Collected data
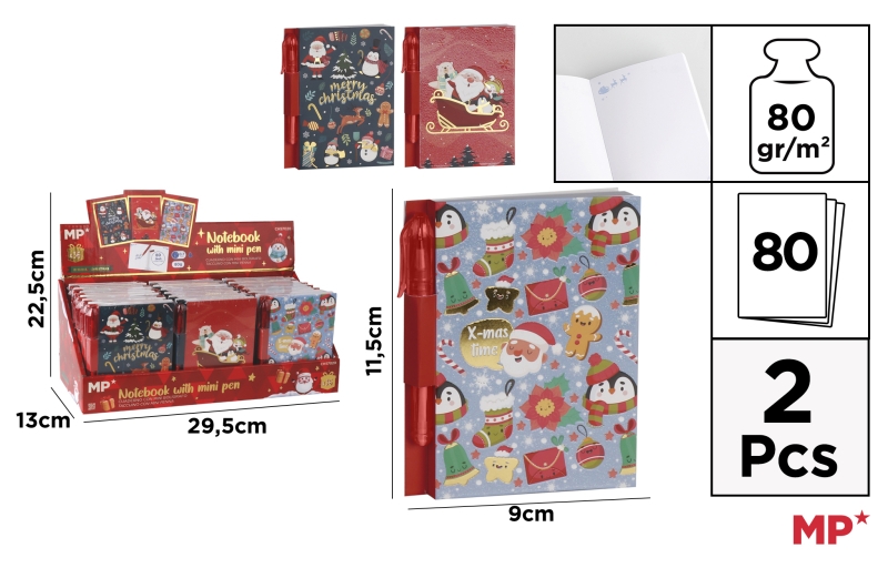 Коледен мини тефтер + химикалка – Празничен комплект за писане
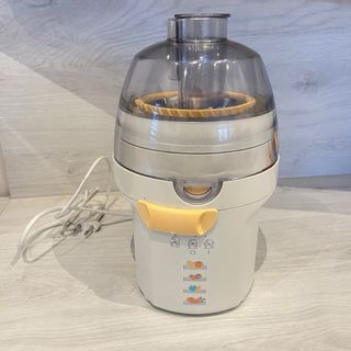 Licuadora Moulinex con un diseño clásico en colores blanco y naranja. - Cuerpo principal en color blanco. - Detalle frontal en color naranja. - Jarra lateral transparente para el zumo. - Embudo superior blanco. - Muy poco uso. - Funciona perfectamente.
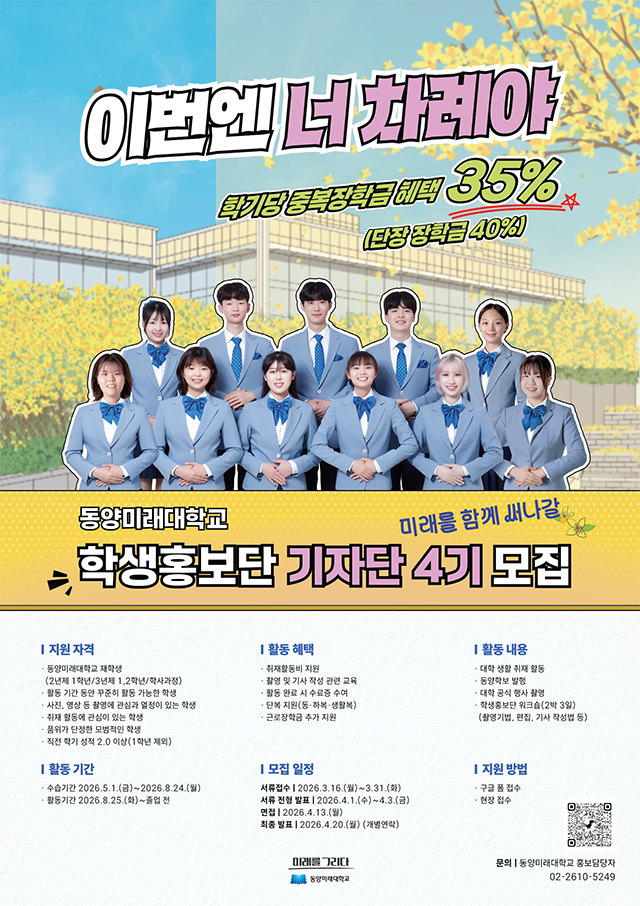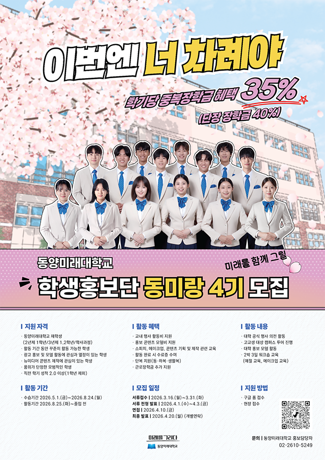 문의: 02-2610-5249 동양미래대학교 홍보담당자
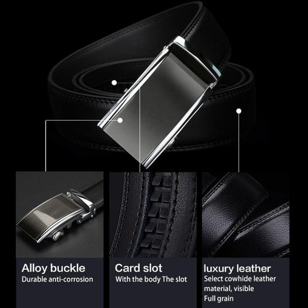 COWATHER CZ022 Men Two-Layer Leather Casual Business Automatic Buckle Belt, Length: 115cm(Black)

About this task
Write the lines out word for word, starting at the one with "문의: 02-2610-5249 동양미래대학교 홍보담당자" and stopping after the last line of the material above, with pictures excluded.

Answer section
 문의: 02-2610-5249 동양미래대학교 홍보담당자
 COWATHER CZ022 Men Two-Layer Leather Casual Business Automatic Buckle Belt, Length: 115cm(Black)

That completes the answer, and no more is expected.